# Dimensions of hymer 564L



## r6demon (Aug 18, 2008)

Hello 

does anyone know the Dims of a Hymer 564L height and length as I need to book a ferry and ours is having a new screen fitted AGAIN! 

thank you


----------



## pieterv (Feb 3, 2009)

The Hymer website allows you to download brochures that will have that kind of info in.


----------



## r6demon (Aug 18, 2008)

I could not find it listed on the hymer website. that was my first port of call


----------



## DTPCHEMICALS (Jul 24, 2006)

Maybe miles out but models 524 / 544 / 574 are all 6.36 metre


Dave P


----------



## GEMMY (Jun 19, 2006)

Looking at Hymer models on Deepcars web site it would be the same as my old 544 therefore 6.6 long 2.35 wide and 2.85 high all dims as near as dammit.  

tony 

ps you don't have to be inch accurate. 8)


----------



## r6demon (Aug 18, 2008)

brill thank you!!


----------



## Seeker (Dec 26, 2005)

I always book our B564 on board at 6mtrs. This usually keeps it in the lowest price bracket and nobody comes round with a tape measure.

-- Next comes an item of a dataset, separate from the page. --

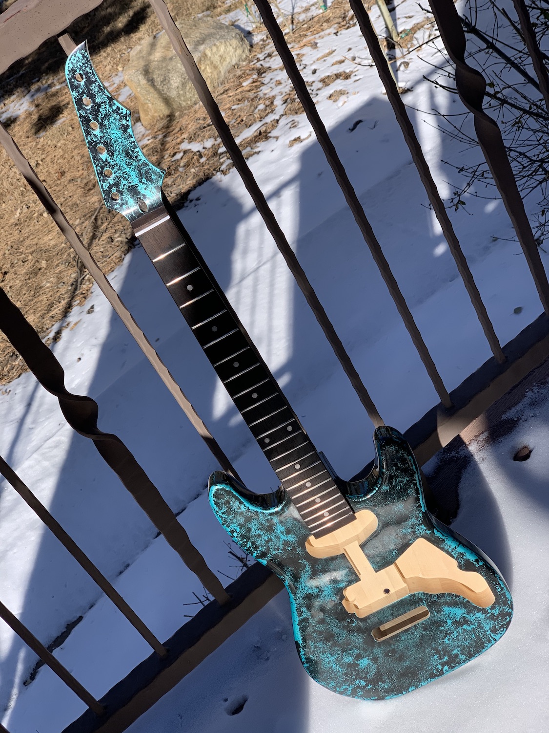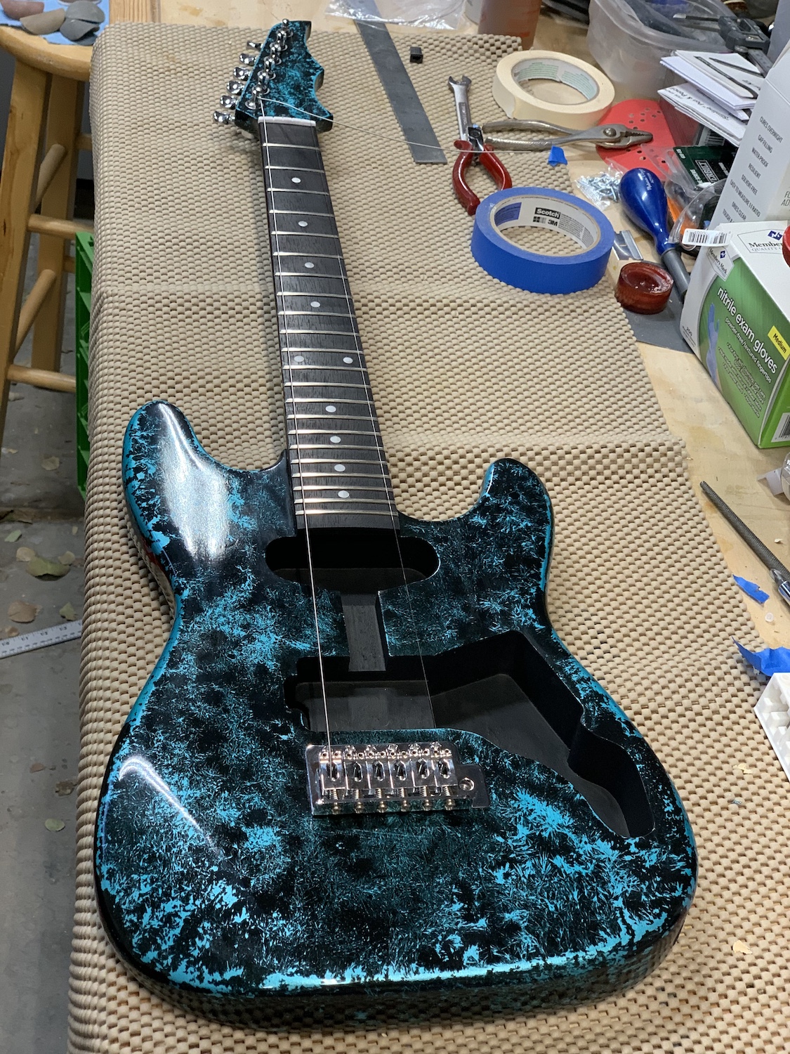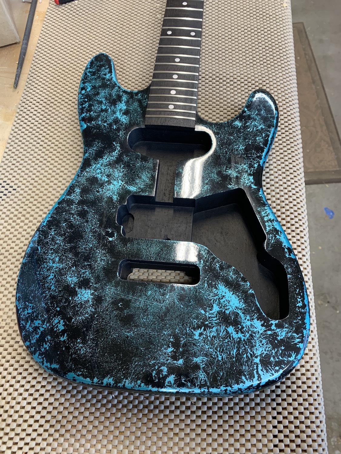 OK a little late to the party, but here's the first progress shots of an ST-1JR 3/4 I'm putting together for my son. This is my second build, the first being a 335 kit from somewhere else. The requested theme was "Ice Wing", which is apparently some sort of dragon made out of ice from a book he's reading. The head I carved out on a bandsaw to resemble a dragon tail, and then tried to put a paint job on it resembling ice crystals. The last piece will be to put an engraving of a dragon into the pick guard.
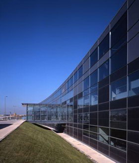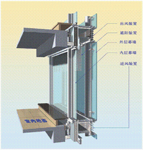 智能呼吸式幕墻按通風(fēng)原理分為自然通風(fēng)和強(qiáng)制通風(fēng)兩種系統(tǒng)。由外層幕墻,內(nèi)層幕墻、遮陽裝置,通風(fēng)裝置及控制系統(tǒng)組成。與傳統(tǒng)普通幕墻相比,最大特點(diǎn)在于其獨(dú)特的雙層結(jié)構(gòu),具有通風(fēng)換氣的功能,隔熱、隔聲,節(jié)能環(huán)保; 智能呼吸式幕墻的雙層結(jié)構(gòu)體系采用雙層玻璃,中間為70mm左右的空氣流通層。夏季,幕墻頂、底部與外界空氣相通,利用陽光加熱空氣層中的空氣溫度,實(shí)現(xiàn)幕墻內(nèi)外空氣對(duì)流,降低幕墻內(nèi)側(cè)溫度,達(dá)到通風(fēng)換氣節(jié)能效果,當(dāng)陽光過于強(qiáng)烈時(shí),還可使用幕墻內(nèi)設(shè)的小百葉調(diào)節(jié)角度,阻擋陽光射入室內(nèi)。冬季,將幕墻頂蓋封閉,使幕墻內(nèi)外空氣不能產(chǎn)生對(duì)流,利用陽光加熱空氣層,形成隔熱層,使室內(nèi)熱量不易散發(fā)。同時(shí)使用幕墻內(nèi)設(shè)的小百葉調(diào)節(jié)角度,使陽光照進(jìn)室內(nèi),達(dá)到改善室內(nèi)環(huán)境的目的;幕墻的氣密性、水密性主要通過多道膠條形成等壓腔,在結(jié)構(gòu)上形成“多腔減壓、等壓防水、減壓消氣”來得以保證,其中關(guān)鍵部位采用新型硅酮膠條,增加了膠條的抗腐蝕及抗老化性。采用雙層幕墻系統(tǒng)可以降低建筑綜合能源消耗的30%-50%。 |

I have measured height with satellite dish down as 3.1mtrs.

As for width - it's too b****y wide!

Harry


----------



## r6demon (Aug 18, 2008)

thank you!!
Would be sooo much easier and stress free if our motorhome WASNT ALWAYS BACK IN THE SODDIN DEALERSHIP BEING FIXED!!!!!!!!!!!!!!!!!!!!!!!!!!!!!!!!!!!!!!!!!!!!!!!!!

Sorry rant over!


----------